ROANOKE TIMES Copyright (c) 1996, Roanoke Times DATE: Wednesday, May 22, 1996 TAG: 9605220014 SECTION: EDITORIAL PAGE: A-11 EDITION: METRO SOURCE: DONLAN PIEDMONT
THE ELECTION song is ended but the malady lingers on, and I have these few observations:
The voting in Roanoke's recent City Council election demonstrated among other things that John Donne was wrong when he asserted that "no man is an island." To find proof, see the council's only Republican, gallant Jack Parrott, bless him, all alone and surrounded by people from the other party.
And when, as usual, the new council arranges itself alphabetically, the Rev. Nelson Harris will be sitting to the right of the Republican-in-residence, surely an uncomfortable location for any Democrat. This imbalance, however, will be corrected with Linda Wyatt firmly anchored on the far left.
The Rev. Harris, by the way, will be in the anomalous position of voting for the budget he, pardon the expression, shepherded through the School Board, which he chaired until the siren song of council membership fell on his ear.
And what are we to think when we learn that, the day after election, some of the old - and new - gang talked about raising the city meal tax? Ah, don't fret, said the mayor. "When we have taxes on citizens who don't live in the city but come here, that's a good tax." The blow then, in this golden vision, would fall mainly on visitors, as if city residents, by flashing some sort of identification, would be excused from this burden when they pay the check.

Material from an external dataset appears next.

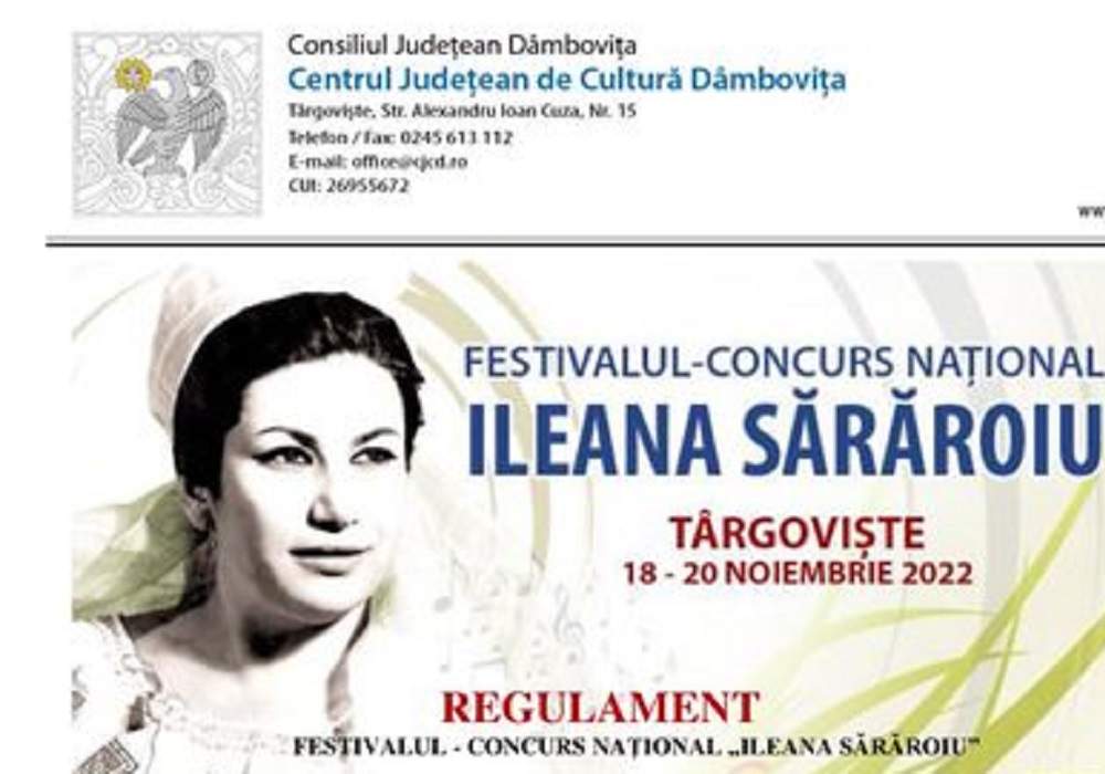 În perioada 18-20 noiembrie 2022, Consiliul Județean Dâmbovița, prin Centrul Județean de Cultură Dâmbovița, va organiza, la Târgoviște, FESTIVALUL – CONCURS NAŢIONAL „ILEANA SĂRĂROIU”, ediția a IX-a.

The irony should not be lost that the mayor thought to use the new revenues the tax would raise to increase promotion efforts to bring visitors into the city, presumably to pay "a good tax" for us, thus funding further efforts to attract visitors to pay the tax to bring more visitors, ad infinitum.
But then the mayor, possibly overheated by instant hostile opinion generated by this outbreak of foot-in-mouth disease, appeared coatless in a sidewalk interview to say, in effect, no, we were just funning about that tax. (No, we didn't think we were, said two of the mayor's newly elected colleagues-to-be.) Rest easy, for the mayor has now promised that the tax won't come up until next year, when the '96 election might be forgotten and the one in '98 will be a year away.

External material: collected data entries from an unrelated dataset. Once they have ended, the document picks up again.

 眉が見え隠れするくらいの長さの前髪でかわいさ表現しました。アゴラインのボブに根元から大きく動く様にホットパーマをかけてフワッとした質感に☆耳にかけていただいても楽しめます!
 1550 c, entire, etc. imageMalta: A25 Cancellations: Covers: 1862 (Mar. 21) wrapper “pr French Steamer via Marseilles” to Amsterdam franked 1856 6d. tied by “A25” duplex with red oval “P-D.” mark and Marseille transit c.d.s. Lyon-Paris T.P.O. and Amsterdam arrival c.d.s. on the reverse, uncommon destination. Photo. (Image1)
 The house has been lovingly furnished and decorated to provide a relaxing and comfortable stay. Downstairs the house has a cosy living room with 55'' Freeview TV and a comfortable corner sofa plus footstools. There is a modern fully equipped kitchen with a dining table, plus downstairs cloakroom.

But it's clear that the gang wasn't funning when not long afterward they closed the door and started talking about raises for themselves. Very likely a raise is deserved; council members work hard and long, and they ought to be properly compensated (although one might wish that any increases would be merit-based).
The problem, as even The Roanoke Times, in an outraged tsk tsk, pointed out, is not the raise but the closed door. Monday, Parrott, speaking of the closed-door session, said, "We goofed." Indeed, we did, said the vice mayor. A nice, straightforward apologia, the sort of thing we all expect from our council. It's not much to ask.
Donlan Piedmont of Roanoke is retired as director of public relations for Norfolk Southern Railway.